Wednesday, August 31, 2005

SMiLE Journey or A Lesson In Duality(part 1)

It was a two weeks ago tonight that I was sitting in a small theatre in Waterford, CT watching one of the most thrilling concert experiences of my life. I had driven for two hours through Connecticut to Rhode Island in a borrowed SUV to reach my destination only minutes before the show began. As I sat and listened to the angelic lotus of sound that opened before me, I thought back to Brian's performance in Philadelphia the night before and what a difference a day makes.
I had arrived in Philly mid-afternoon and quickly caught a taxi($35) to a large park(the name escapes me) just northeast of town. It was a wonderfully lush part of the city that was bordered by a not so clean part of town. I sat at a picnic table across the street from the venue and ate the lunch I had packed before the trip. Somehow I knew that there wouldn't be a great deal of nourishment to choose from near the venue. I was right. It was misting ever so lightly as I sat across from the Mann Music Center while the smell of urine and bums wondered about.

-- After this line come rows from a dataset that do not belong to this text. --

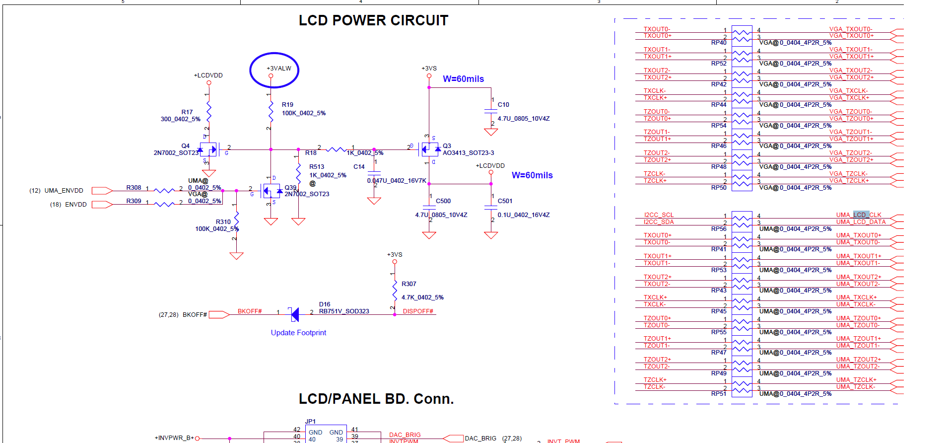 I have image problem on acer aspire 7520.When laptop is connected to external monitor works fine,but on main lcd ther is no image or backlight.When i mesure voltage on lcd connector i get everything except LCDVDD,Do i must check for something else or i can say that lcd is dead, and i'm little bit confused to understand that lcd power circut (check schematic picture) can someone explain me that briefly.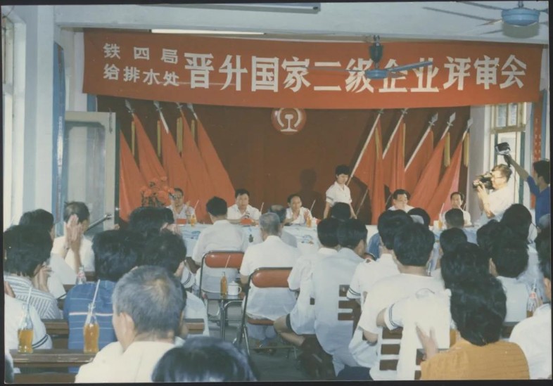 企業(yè)升級(jí)是國(guó)家“七五”期間的中心任務(wù),圍繞著“抓管理、上等級(jí)、全面提高素質(zhì)”的工作要求,全處廣泛宣傳發(fā)動(dòng)。從加強(qiáng)基礎(chǔ)工作入手,成立領(lǐng)導(dǎo)小組和企管辦,圍繞安全、質(zhì)量、效益等重點(diǎn),廣泛開(kāi)展標(biāo)準(zhǔn)化、計(jì)量、能耗、檔案、普法、全面質(zhì)量管理、班組建設(shè)等專項(xiàng)達(dá)標(biāo)升級(jí)。機(jī)關(guān)各部門(mén)、各單位對(duì)照“方針目標(biāo)任務(wù)展開(kāi)表(類似于現(xiàn)在管理矩陣、責(zé)任清單)開(kāi)展資料“補(bǔ)強(qiáng)”工作。1990年,給排水工程處通過(guò)鐵道部評(píng)審組考核驗(yàn)收,成為全局第一家晉升國(guó)家二級(jí)企業(yè)的單位,全處職工每人都晉升了一級(jí)標(biāo)準(zhǔn)工資,更重要的是剛剛成為獨(dú)立法人不久的給排水處整體管理理念和綜合素質(zhì)有了顯著提升。處相繼榮獲全國(guó)五一勞動(dòng)獎(jiǎng)狀、全國(guó)先進(jìn)施工企業(yè)等榮譽(yù),成為名噪一時(shí)的鐵四局“四小龍”之一,無(wú)論是企業(yè)管理、經(jīng)濟(jì)效益還是員工風(fēng)貌,都成為全局標(biāo)桿。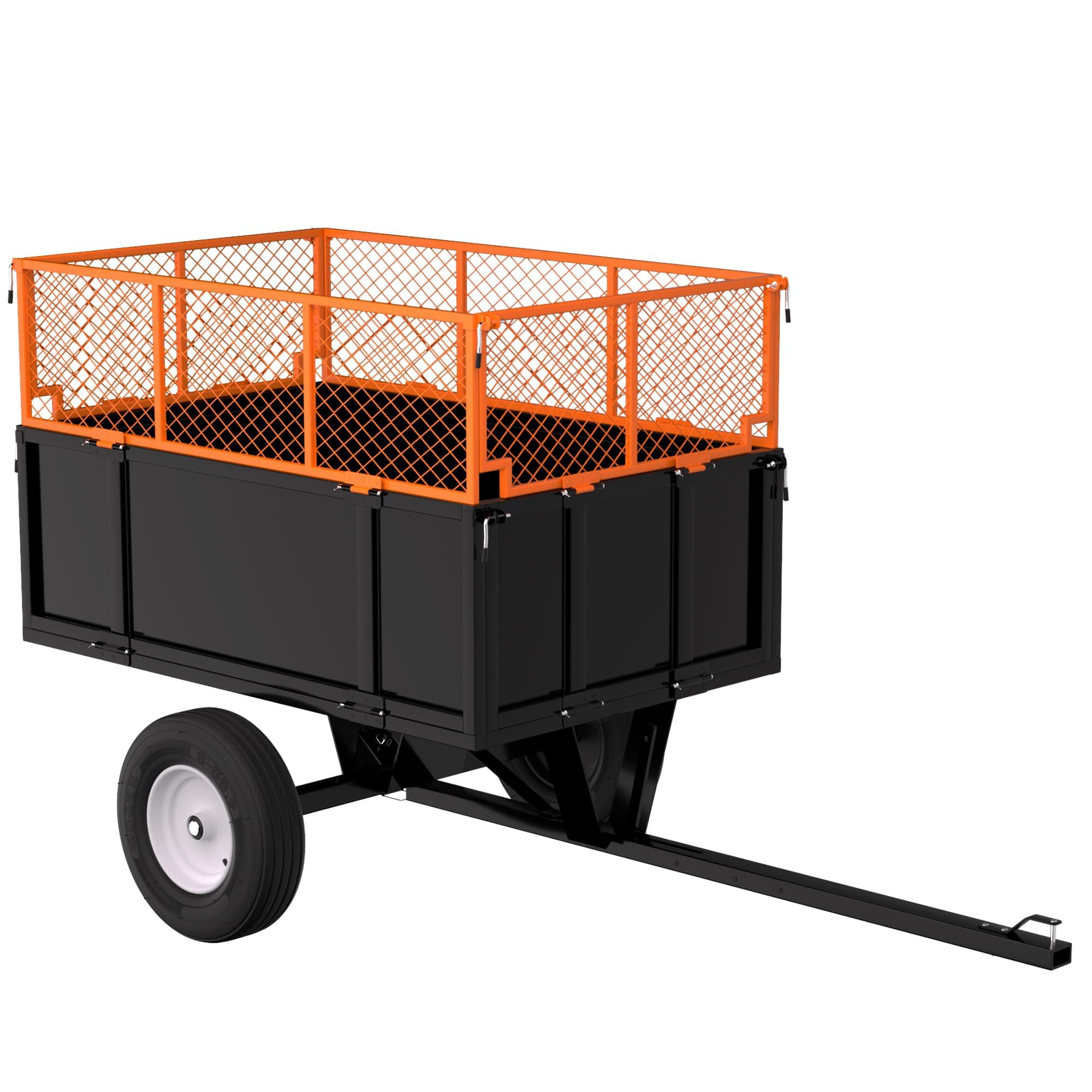VEVOR Heavy Duty ATV Trailer Steel Dump Cart, 750 lbs 15 Cubic Feet, Garden Utility Trailer Yard Trailers with Removable Sides for Riding Lawn Mower Tractor

Having finished my lunch, I approached the ticket window and inquired about a bus after the show. The ticket attendant assured me that one would be leaving for downtown 15 minutes after the show from just in front of the box office. I had plenty of cash but was trying to save as much as I could having spent several hundred on the trip already and knowing that I wanted to buy an overpriced($30) "Brian Wilson Presents SMiLE" baseball cap somewhere along the way. I had seen one at the merchandise booth during the Fall Tour of the South but had opted for a t-shirt instead.
With several hours to kill I walked to a convenience store for some water and generally loitered around the venue watching the tour buses arrive and unload. There was a monument within eyeshot of the box office, so I decided I would hang around it and take care of the unpleasant business I needed to do before the show. I was planning on recording the show that evening and the only way to get the recorder in the venue I needed to put on some briefs under my boxer shorts in order to smuggle it inside. The monument shielded me from the street and it was the perfect place to take care of said business. I discovered that it was placed there during the late 1800's by the Catholic total abstinence union! Considering the amount of narcotics I planned on eating that evening, I decided I'd better not hang around too long for fear of being converted.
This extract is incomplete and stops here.